* [Instructions to follow]: Set out exactly, and only, the lines running from the one containing "开营仪式结束后,经济学院金环" to the bottom of the listing below; pictures stay out.

* [Stored data]:

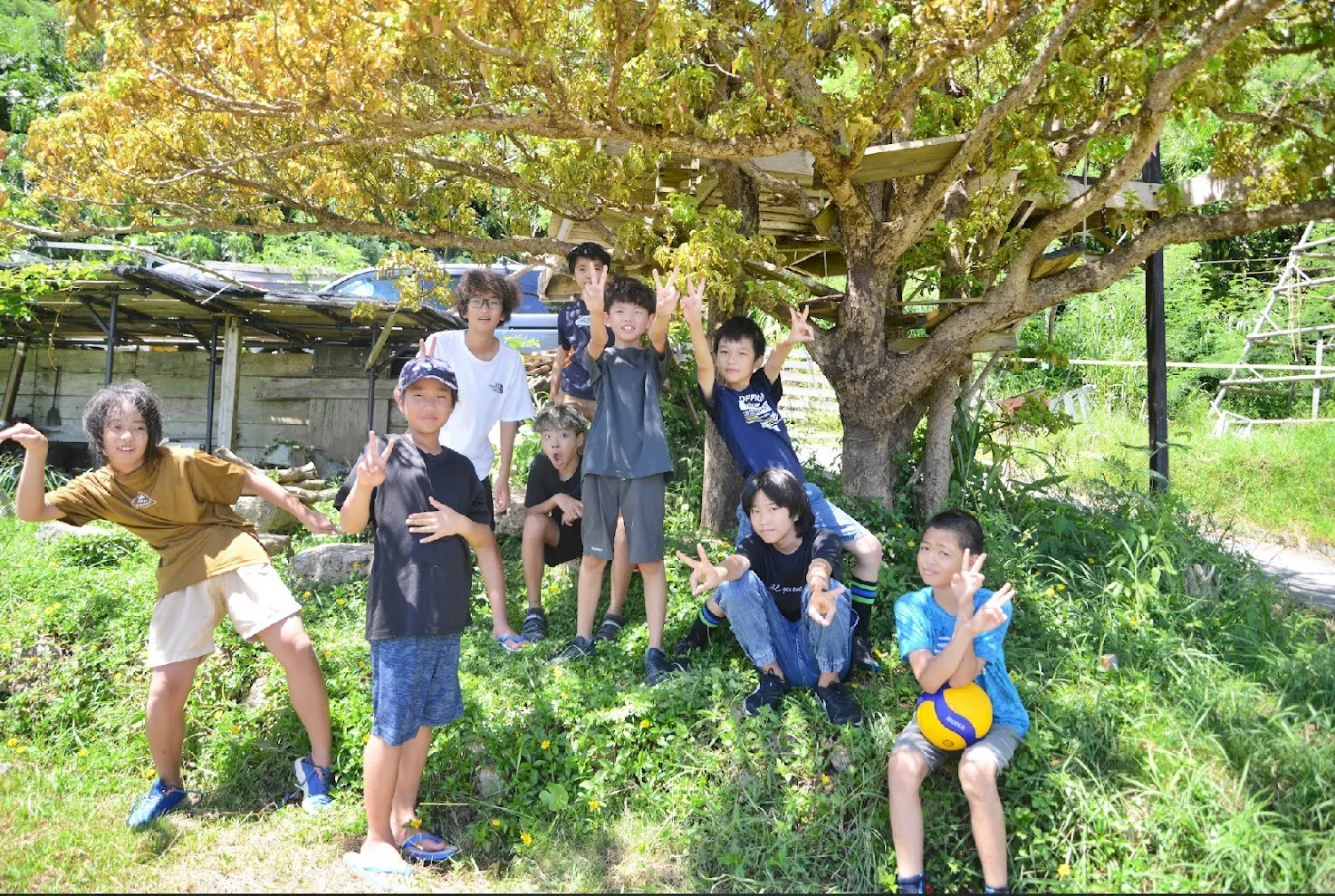 ここでは、ぼくたちは自然の中で「自由に、のびのびと、自分のやりたいことを大切に」過ごしています。海で泳いだり、滝の水で遊んだり、魚やエビを捕ったり、川を探検したり、様々な道具を使って物つくりをしたり…。ときには畑で野菜を育て、動物を世話し、命の大切さを学びながら生活しています。そして不定期で行われるイベントにはこども達が自分で経営するお店を開く起業体験なども行っています。
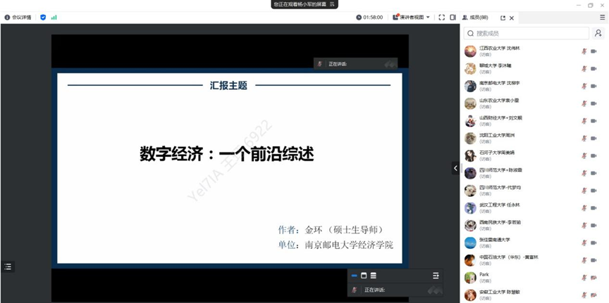 开营仪式结束后,经济学院金环老师为营员们带来了题为《数字经济:一个前沿综述》的专题讲座。金老师从数字经济的演进、数字经济的相关研究、数字经济的分支研究三方面,为营员们在数字经济领域可挖掘的研究方向上带来启发。讲座结束后,营员们围绕讲座主题进行了深入的交流与研讨,通过与金老师互动,营员们对数字经济相关领域的问题有了更为透彻的理解。
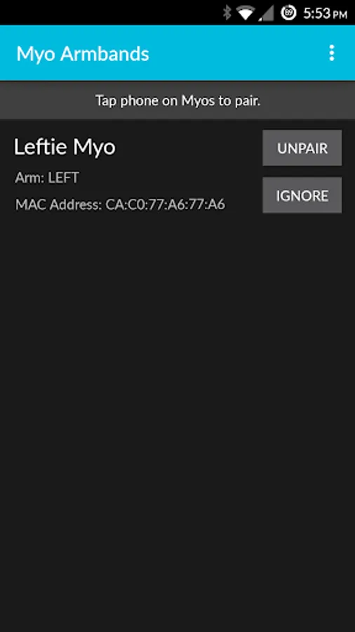 • Ignore and unpair individual Myo armbands from the armbands menu
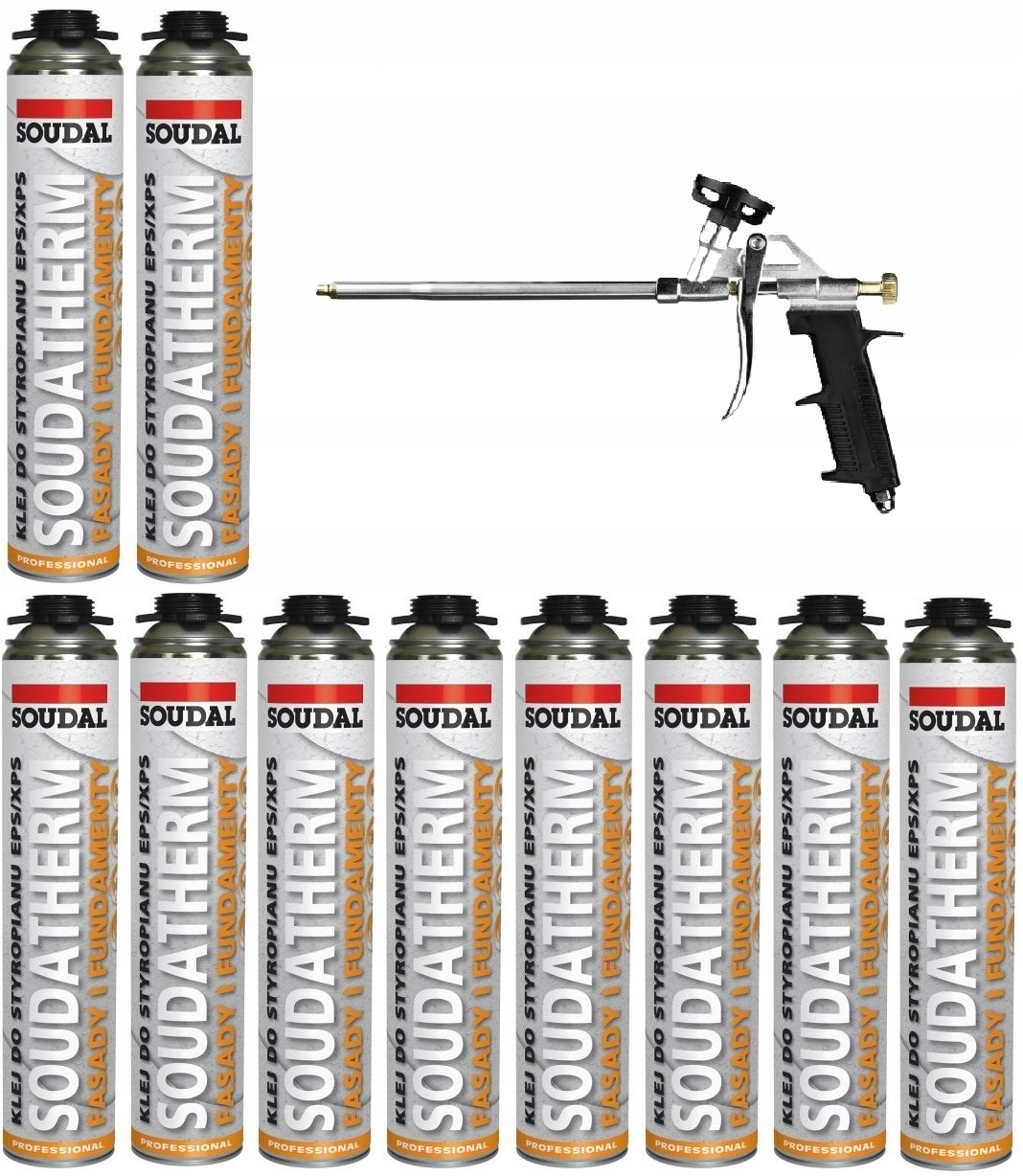 10x КЛЕЯ ПЕНЫ SOUDAL ДЛЯ ПЕНОСТРОЕНИЯ XPS EPS SOUDATHERM + ПИСТОЛЕТ
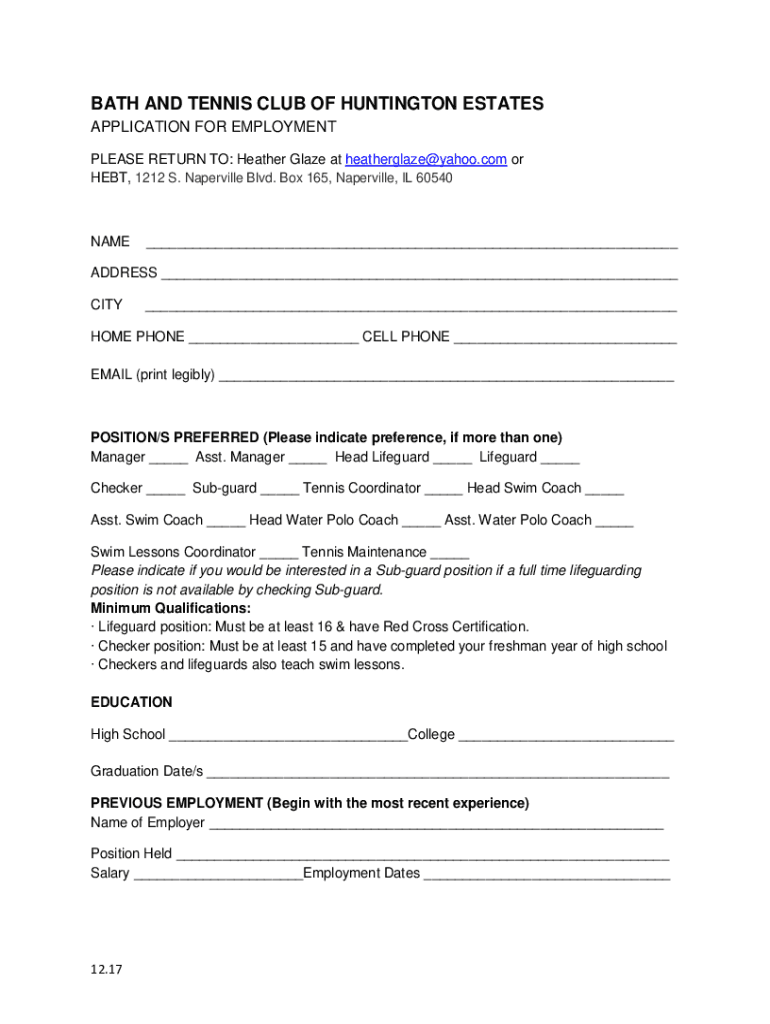 BATH AND TENNIS CLUB OF HUNTINGTON ESTATES APPLICATION FOR EMPLOYMENT PLEASE RETURN TO: Heather Glaze at heatherglaze@yahoo.com or HEAT, 1212 S. Naperville Blvd. Box 165, Naperville, IL 60540NAME___ADDRESS
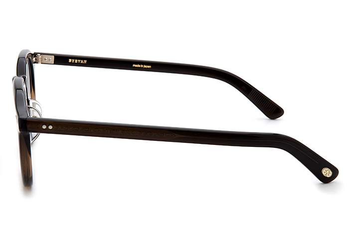 1950年代のフレンチヴィンテージをベースに、ウェリントンとクラウンパントの中間的なレンズシェイプをホーンリムに融合させた、2024SSシーズンモデル『Albedo』のリメイク。リムはやや太めに再構築し、テンプルは新たなデザインを採用。ヨロイには成形精度に優れたサンプラチナを用い、通常の3倍以上のプレス工程を経て完成する、オリジナル のかしめ飾りを組み合わせた。
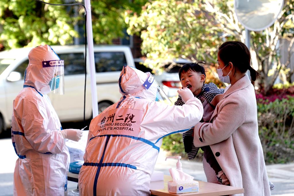 4月4日,在上海松江區(qū)祥欣居民區(qū),浙江援滬醫(yī)療隊隊員為小朋友進行核酸檢測采樣。新華社記者 張建松 攝
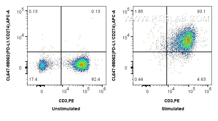The PD-L1/CD274 antibody from Proteintech is a rabbit recombinant antibody to a recombinant protein of human PD-L1/CD274. This antibody recognizes human antigen. The PD-L1/CD274 antibody has been validated for the following applications: FC analysis. This antibody is coraliteR plus 647.
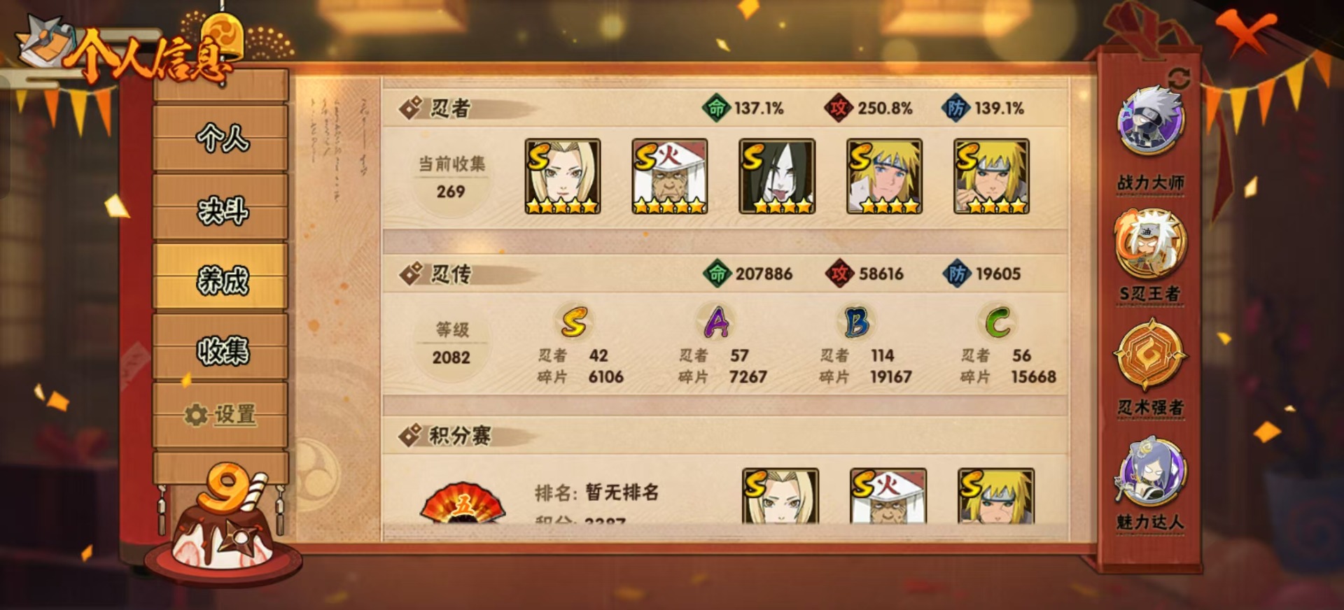 v15 14s忍 57a忍 24通灵 1935.8w战力 可二次 可修改实名 【s级忍者】:艾「忍界大战」大筒木桃式宇智波带土 「忍界大战」罗砂「四代目风影」佩恩·天道「超」药师兜「仙人模式」艾「三代目雷影」宇智波斑「白面具」半藏「秽土转生」金角/银角「秽土转生」长门「秽土转生

* [Answer to this task]:
 开营仪式结束后,经济学院金环老师为营员们带来了题为《数字经济:一个前沿综述》的专题讲座。金老师从数字经济的演进、数字经济的相关研究、数字经济的分支研究三方面,为营员们在数字经济领域可挖掘的研究方向上带来启发。讲座结束后,营员们围绕讲座主题进行了深入的交流与研讨,通过与金老师互动,营员们对数字经济相关领域的问题有了更为透彻的理解。
 • Ignore and unpair individual Myo armbands from the armbands menu
 10x КЛЕЯ ПЕНЫ SOUDAL ДЛЯ ПЕНОСТРОЕНИЯ XPS EPS SOUDATHERM + ПИСТОЛЕТ
 BATH AND TENNIS CLUB OF HUNTINGTON ESTATES APPLICATION FOR EMPLOYMENT PLEASE RETURN TO: Heather Glaze at heatherglaze@yahoo.com or HEAT, 1212 S. Naperville Blvd. Box 165, Naperville, IL 60540NAME___ADDRESS
 1950年代のフレンチヴィンテージをベースに、ウェリントンとクラウンパントの中間的なレンズシェイプをホーンリムに融合させた、2024SSシーズンモデル『Albedo』のリメイク。リムはやや太めに再構築し、テンプルは新たなデザインを採用。ヨロイには成形精度に優れたサンプラチナを用い、通常の3倍以上のプレス工程を経て完成する、オリジナル のかしめ飾りを組み合わせた。
 4月4日,在上海松江區(qū)祥欣居民區(qū),浙江援滬醫(yī)療隊隊員為小朋友進行核酸檢測采樣。新華社記者 張建松 攝
The PD-L1/CD274 antibody from Proteintech is a rabbit recombinant antibody to a recombinant protein of human PD-L1/CD274. This antibody recognizes human antigen. The PD-L1/CD274 antibody has been validated for the following applications: FC analysis. This antibody is coraliteR plus 647.
 v15 14s忍 57a忍 24通灵 1935.8w战力 可二次 可修改实名 【s级忍者】:艾「忍界大战」大筒木桃式宇智波带土 「忍界大战」罗砂「四代目风影」佩恩·天道「超」药师兜「仙人模式」艾「三代目雷影」宇智波斑「白面具」半藏「秽土转生」金角/银角「秽土转生」长门「秽土转生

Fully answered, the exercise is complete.